Table 1 An exploratory analysis showed that there was no increase in the use of any other question words under stress relative to control. The use of “What” showed a decrease under stress relative to control.

To examine if the increased proportion of asking “How” questions in the stress condition was associated specifically with stress rather than with the novelty of the stressful events, we assessed the novelty of events recalled by participants and repeated the analysis above controlling for novelty scores. All results remain the same (see Supplementary Analysis).

In addition, we assessed the semantic similarity between participants’ queries and their recalled events. The analysis revealed a moderate to high level of similarity (see Supplementary Analysis), which suggests that some of the participants questions shared semantic similarity with their recalled event.

Discussion

The global pandemic generated a new set of practical and mental challenges. To overcome some of these challenges, people turned to technology. On average, people spent almost 7-h a day online in 2020, up 7.3% from the previous year37. A large fraction of this time was dedicated to searching for and consuming information37. Here, we examined how the high-level features of searches submitted to Google changed in response to the pandemic and private aversive life events and how such changes relate to stress.

In particular, we were interested if under stress people would seek more information that could guide their actions—a behaviour that could facilitate the process of adapting to a stressful event (according to the APA a stressful event can be an occurrence or circumstance that individuals perceive as threatening, challenging, or demanding38). Study 1 revealed that participants specifically use the word “How” when they want information to guide their action. Thus, in Study 2 we examined the frequency of Google searches that included the word “How”. We found that both in the UK and US, the proportion of searches that included the word “How” were greater during the year following the declaration of “National Emergency” than in the years prior. It is important to emphasize that any change in the proportion of “How” searches cannot simply be explained by a general increase in number of Google searches, as the former are calculated as proportion of the latter. Neither can it be explained by temporal linear trends, as the data was detrended. The rise in “How” searches may reflect an adaptive human tendency to ask questions that can facilitate rapid adjustment to new and potentially aversive environments. This interpretation is in accord with a recent study suggesting that changes to search during the pandemic reflect a change in people’s needs31. We were also interested in changes to the valence of Google searches during the pandemic relative to before. We observed that the most popular searches in the UK and US were more negatively valenced during the year following the declaration of “National Emergency” than in the years prior. This aligns with the notion that people may search for information that aligns with their emotional state.

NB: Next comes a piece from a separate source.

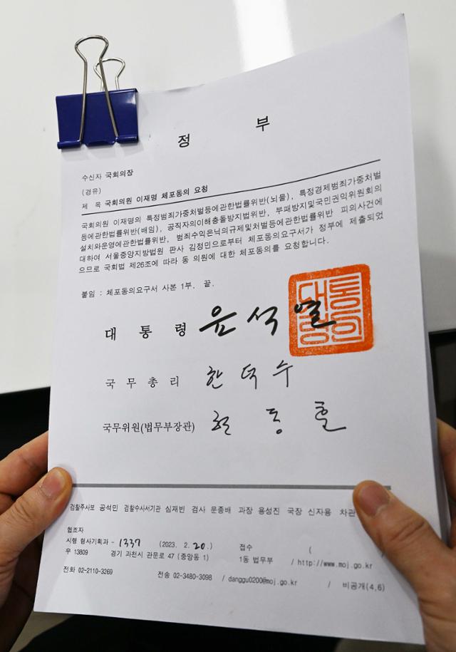 윤 대통령이 대검찰청과 법무부를 거쳐 제출된 체포동의요구서를 결재해 허가했다는 의미이며 체포동의안은 24일 국회 본회의 보고를 거쳐 오는 27일 본회의에서 표결이 이뤄질 예정입니다.

Weekly fluctuations in the proportion of “How” questions submitted to Google during the pandemic was positively associated with weekly fluctuations in the proportion of individuals who reported experiencing COVID-related stress in the UK in a sample of over 17K residences. This association could not be attributed to COVID-related confinement, as this factor was controlled for in the model. Furthermore, the relationship was specific to “How” searches, and did not generalize to general question asking.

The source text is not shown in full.